PARP1-IN-40 is a highly selective and orally active PARP1 inhibitor with an IC50 of 0.19 nM for PARP1 and 26 nM for PARP2. By inhibiting PARP1, it induces DNA damage accumulation, effectively killing tumor cells. It demonstrates significant antitumor activity against BRCA-mutated MDA-MB-436 cells. Additionally, PARP1-IN-40 can be used in combination with chemotherapy for related cancer research.

PARP1-IN-40 (Compound (S)-G9) effectively arrests the MDA-MB-436 cell cycle at the G2/M phase and inhibits proliferation at concentrations of 1-100 nM over 3 days. At concentrations of 0.1-1000 nM for 3 days, it induces DNA damage and double-strand breaks in MDA-MB-436 cells. In A549 PARP1 gene knockout cells, PARP1-IN-40 shows minimal activity (IC50 > 9.8 μM) when applied at concentrations of 0.1-10000 nM for 1 hour, indicating its action is entirely PARP1-dependent and exhibits weak PARP2 inhibition, thereby reducing traditional PARPi toxicity risks. It efficiently captures PARP1-DNA complexes at 0.1-10000 nM within 1 hour (EC50 = 1.9 nM), requiring a significantly higher concentration to capture PARP2, acting as a PARP1-selective trapping agent. Finally, at concentrations of 0.1-20000 nM over 10 days, it selectively kills BRCA mutant cells, confirming its synthetic lethality mechanism which depends on homologous recombination deficiency.

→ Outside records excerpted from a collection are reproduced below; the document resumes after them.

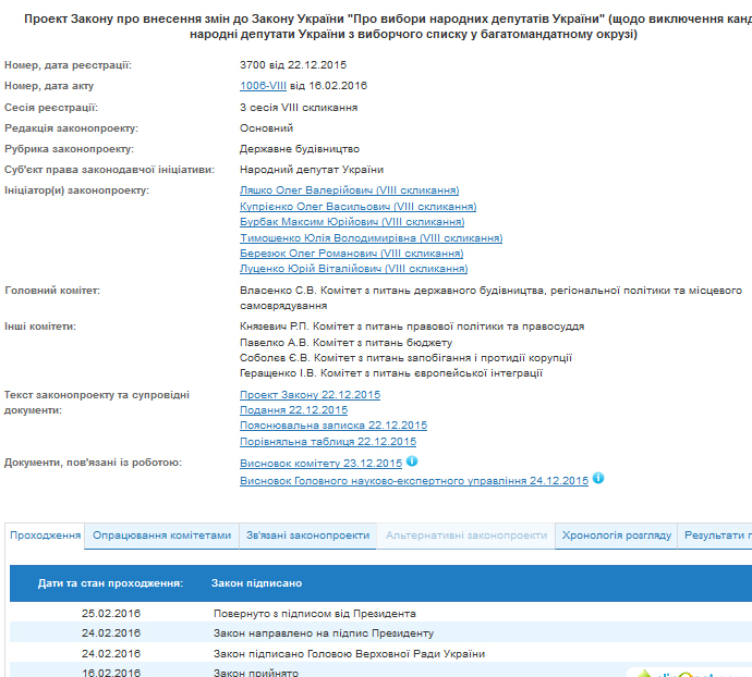 Президент Петр Порошенко подписал закон, согласно которому разрешается исключение кандидатов в депутаты парламента из избирательного списка партии в той его части, где по итогам голосования таковые не получили права на распределение мандатов в многомандатном округе. Об этом говорится на странице соответствующего законопроекта №3700 на сайте Верховной Рады.
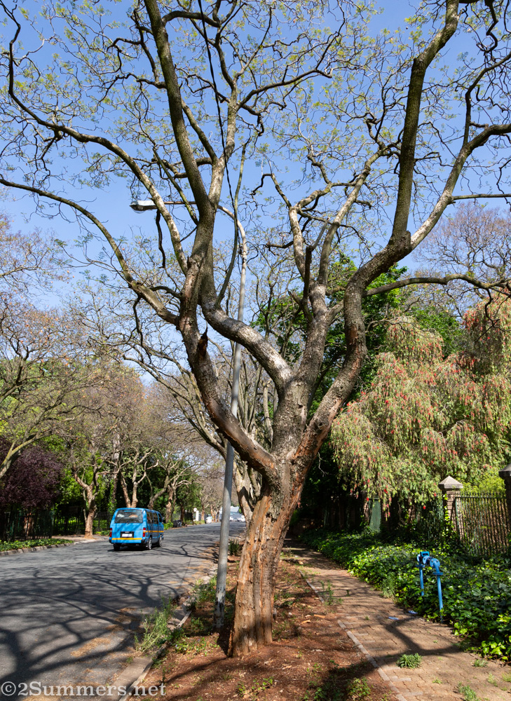 The jacarandas along Emmarentia Avenue in Greenside and Parkview are still barren. And I’m seeing quite a lot of jacarandas all over the place that are sprouting leaves but no flowers.
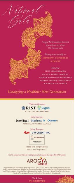 Momentum is building for our gala on Saturday, Oct 16, at 6 pm Central US time. We are excited and honored to have Michelin Starred Chef and one of the great humanitarians of our time Vikas Khanna participate in a fireside chat on healthy eating, especially important because it is World Food Day. And we are very pleased that Dr. K.M. Venkat Narayan from Emory University, representatives from Mission ICU and Sangath, as well as Arogya Board members, colleagues, and young Arogya Changemakers, will take part. Plus we have a fabulous magic show. Our emcee is Shraysi Tandon.
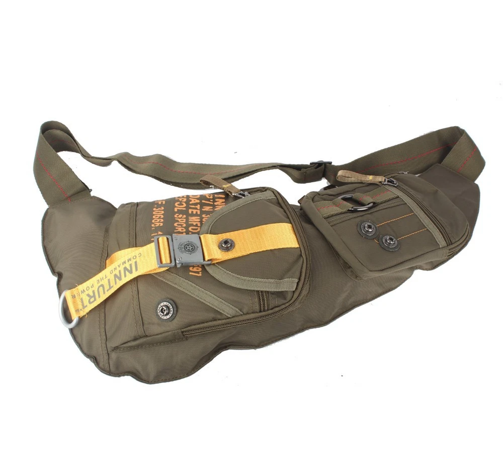 Bag is made from light weight nylon material, durable and waterproof. Fits standard iPad and tablets; Come with multiple convenient pockets, good for daily use or any outdoor activities. MULTI COMPARTMENTS. New Moon shape with many pockets for storage and organization. Main compartment fits 10-in tablets and medium camera perfectly. Front pockets for phone, wallets,gear and small accessories. Back pocket for pen, small notebooks. Also including points to clip carabiners. LIGHTWEIGHT (0.9 pounds) but STRONG. A true friendly sling bag, really good for carrying in sports, travel, hiking, running, cycling or day use. DURABLE and WATERPROOF. The sling bag is made from highly rip and water resistant nylon, provide strengthen and long-lasting performance with minimal weight. Useful and Effective. With this bag, no longer to store all your belongings in winter coat pockets or in summer pants pockets, walk comfortable and let your hands free. Dimensions are 9.4 x 22 x 4.3. Strap adjustable, suitable for men and women.
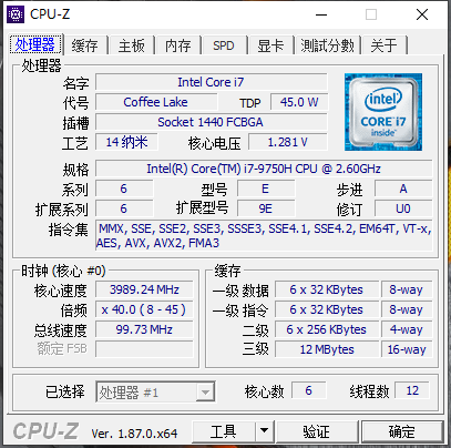 下面我们用CPU-Z、3DMark、CINEBENCH R15、CrystalDiskInfo这几款大家熟知的专业的电脑测试软件对今天的主角——机械革命深海泰坦X9Ti-R进行逐项测试,通过实际的测试参数来看看i7-9750H的表现到底如何。
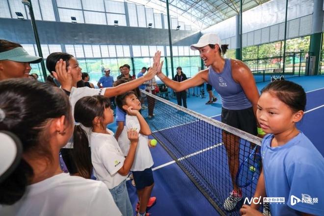 南都讯 记者汪雅云 2025年广州女子网球公开赛本周在南沙举行,开赛前夕,2023年赛会冠军王曦雨来到赛事举办地南沙国际网球中心,参加中国体育信息之2025年广网青少年活动,与南沙区青少年网球队、钧泰国际网球学院的小球员们一起打球互动。
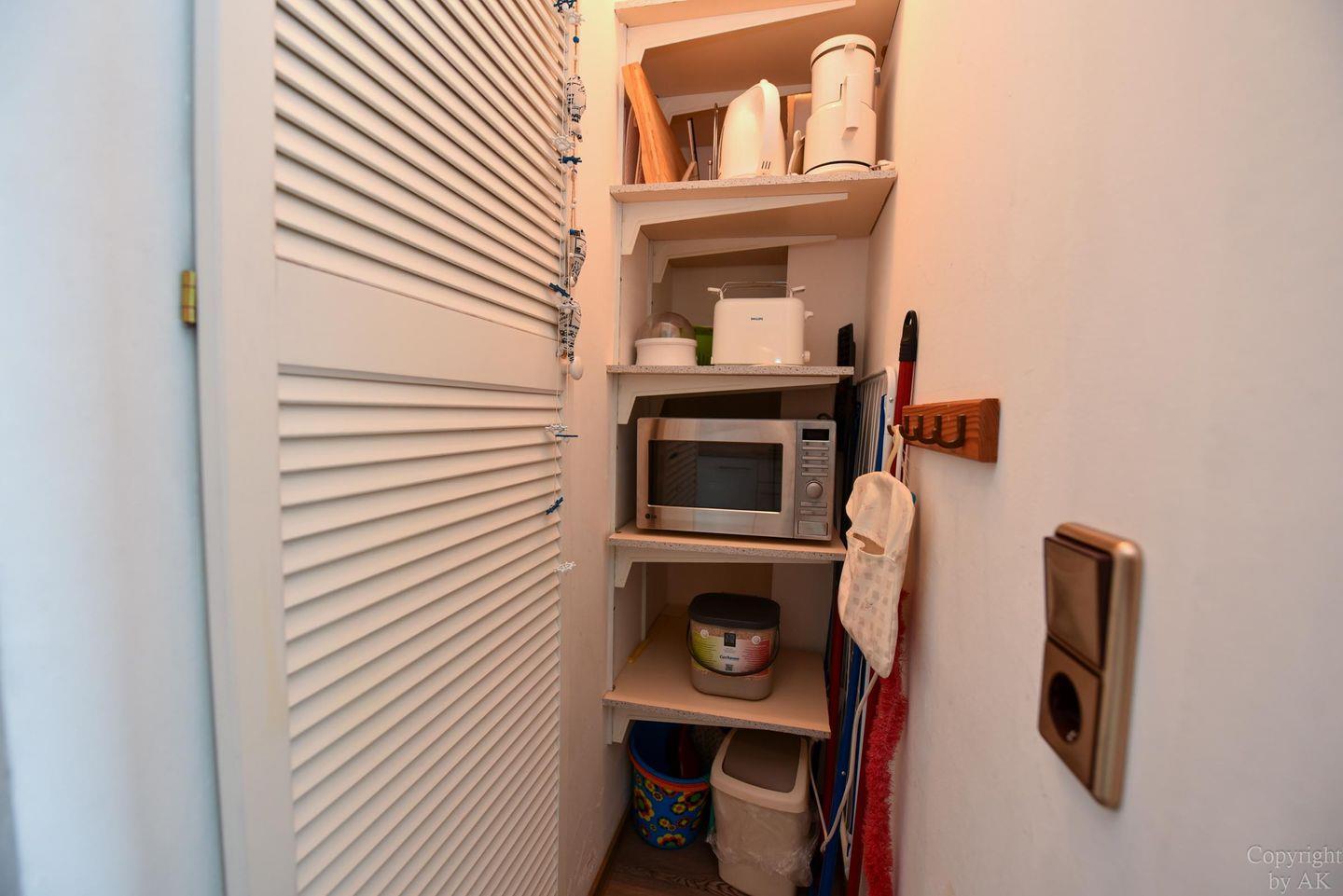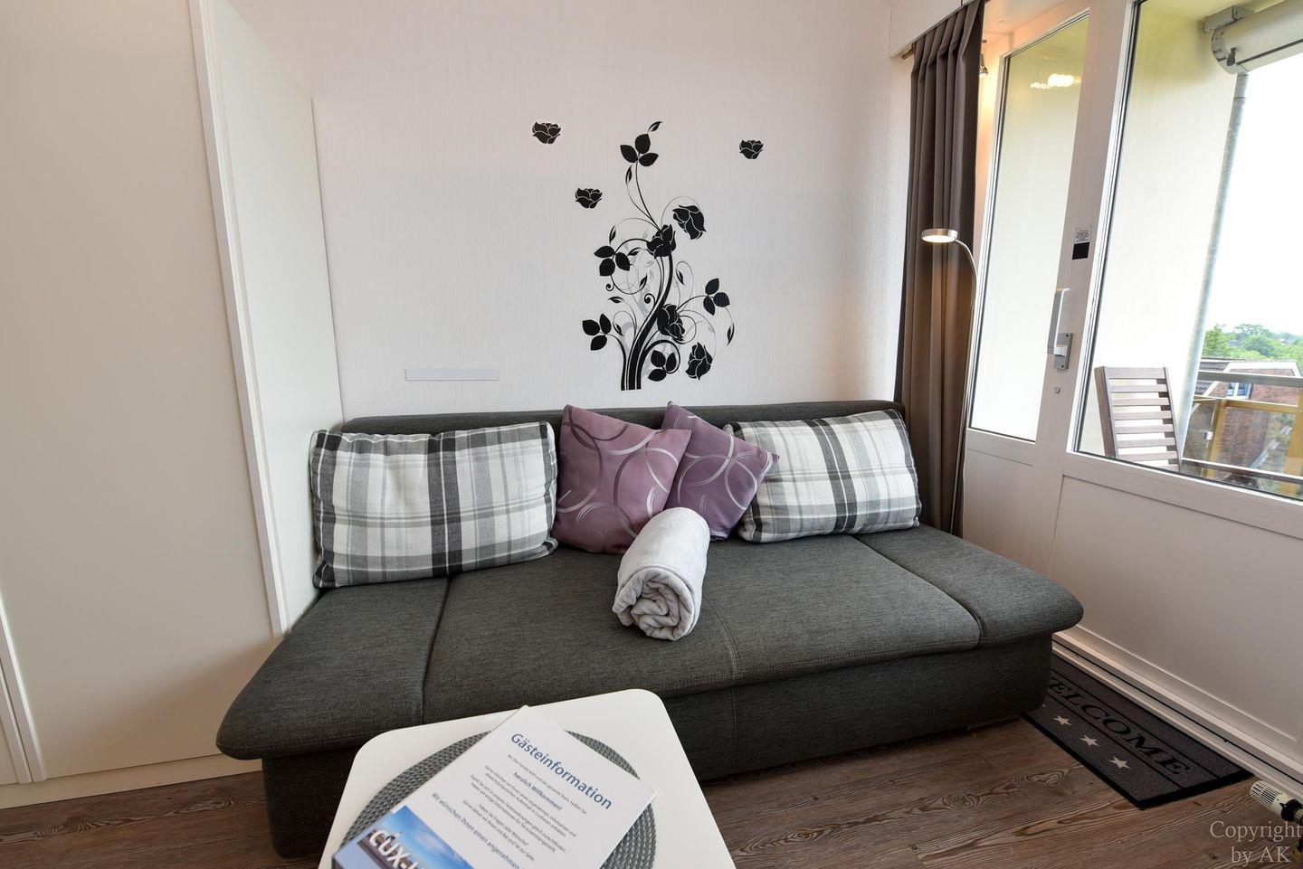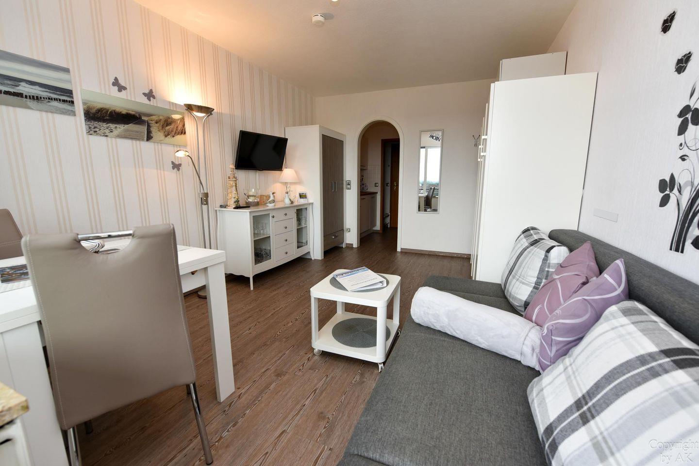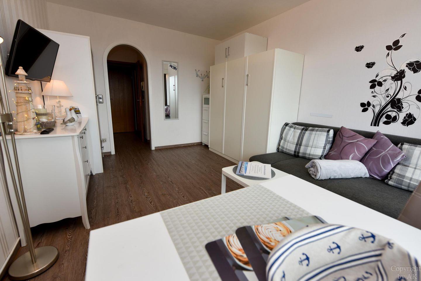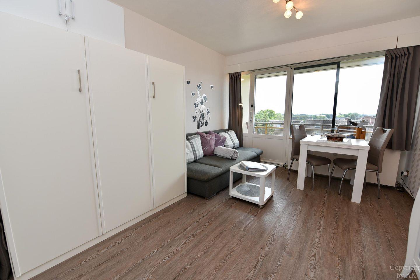 1-Zimmer Appartement im 4. OG mit herrlich sonnigen Balkon im Haus JAN AM STRAND. Dieses komfortabel für 2 Personen eingerichtete Appartement mit integrierter Küchennische ist u.a. mit einem Schrankbett, sowie einem Sofa und einem Tisch mit 2 Stühlen ausgestattet. WC/Duschbad. Der kostenlose Tiefgaragenstellplatz hat eine Einstellhöhe von 149 cm. Dazu gehört ein kostenfreier Parkschein ( 01.01.- 31.12. ) für den Parkplatz gegenüber.
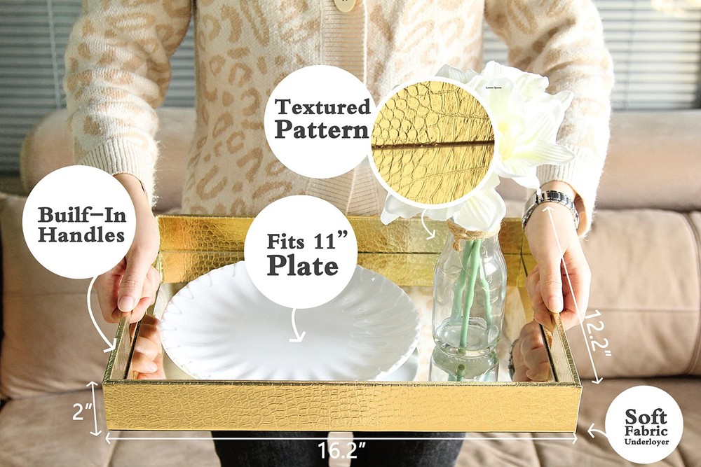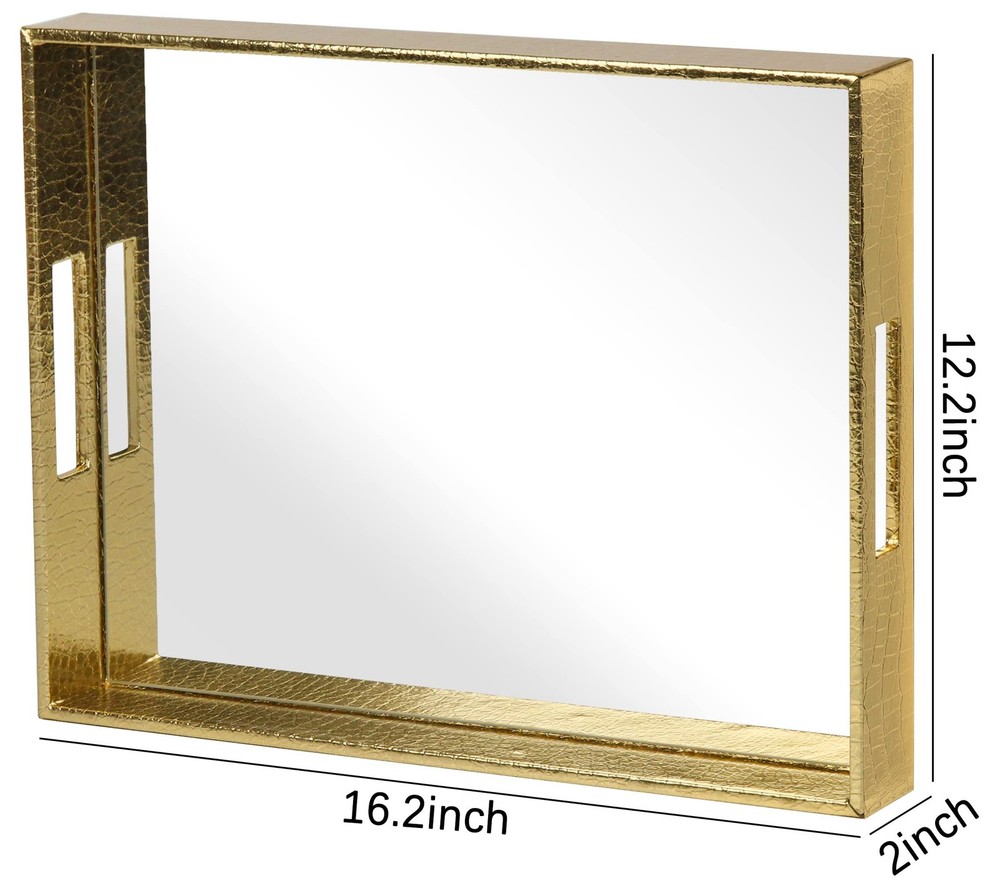 Store description: is a company specializing in the production of small household products. Our products are all handmade, paying attention to every detail, following the fashion trend, creating a more convenient and comfortable living environment for customers, which is our constant pursuit. Product features: Wake up in the morning and see a clean dressing table.A good mood starts with acceptance.This vanity tray is suitable for various occasions and scenes, making the living space more beautiful, warm and comfortable.As a multi-functional storage tray, it can store key,coins,jewelry,candies etc.Throwing your keys in it as soon as you enter the door and using it to organize your dresser and nightstand, making your home more lively, fashionable and orderly. DURABLE: The Large ottoman tray is made of high quality artificial leather, which is waterproof and durable,the strong wooden structure of the interior ensures its load-bearing capacity MULTIFUNCTIONAL: Beautiful decorative mirror tray can hold jewelry, makeups, skin care products, beauty care products, coffee cups, small flower pots, mobile phones, id CARDS, keys,wallets, change, candies, etc, which will make the messy room become orderly PRACTICAL: Perfect for use as an accent on your counter-top, dresser, vanity, or table in your living room, bedroom and kitchen.The bottom mirror grinding edge design makes the tray safer and easier to clean STYLISH: Elegant gold and silver to choose from, clear leather grain highlights fashion, beautiful interior trinkets SIZE: 16.2"*12.2"*2.0" specification, size is appropriate for you to put on the bedside, coffee table and other places you need to store

PARP1-IN-40 (Compound (S)-G9) administered orally at doses of 0.3-3 mg/kg for 27 consecutive days effectively inhibits the growth of BRCA-mutated tumors in the MDA-MB-231 xenograft mouse model, exhibiting no significant toxicity. In the HCT116 xenograft mouse model, PARP1-IN-40 at 1-3 mg/kg orally for 14 consecutive days enhances the efficacy of chemotherapy. Additionally, this compound demonstrates high safety in BALB/C nude mice when given once at 30-300 mg/kg orally, or repeatedly at 30-100 mg/kg for 14 days.